In the records below, find the line containing "Karšto oro gruzdintuvėje". Output it and every line after it to the end, unchanged, with no pictures.

Records excerpted from a collection:

=== Section Start ===

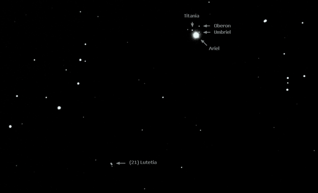Der Kleinplanet (21) Lutetia, entdeckt von Hermann Goldschmidt 1852 in Paris. Hier zieht Lutetia nahe dem Planeten Uranus vorbei, der wiederum vier seiner Monde erkennen lässt
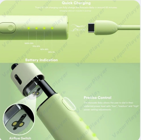 VAPTIO Avocado Baby 酪梨寶寶是一款小巧便攜的電子煙設備,專為隨身攜帶和方便使用而設計。採用適合初學者的風格,操作簡單。該設備由 1100mAh 內建充電電池供電,最大功率輸出為 22W,並配有易於使用的一鍵選單系統,方便調整功率。
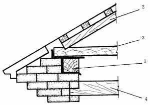 Рис. 39. Опирание наслонных стропил в каменных зданиях: 1 —мауэрлат; 2 – стропильная нога; 3 – затяжка; 4 – чердачное перекрытие.
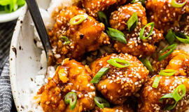 Karšto oro gruzdintuvėje kepta vištiena su medumi ir sezamais
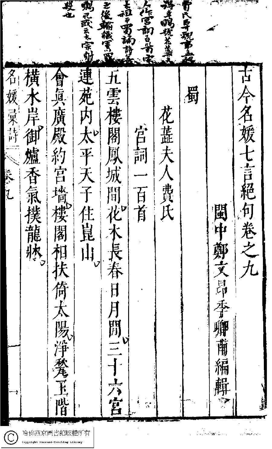 | 原書: 名媛彙詩﹕二十卷(明鄭文昂編) |

=== Section End ===

:: Written solution ::
 Karšto oro gruzdintuvėje kepta vištiena su medumi ir sezamais
 | 原書: 名媛彙詩﹕二十卷(明鄭文昂編) |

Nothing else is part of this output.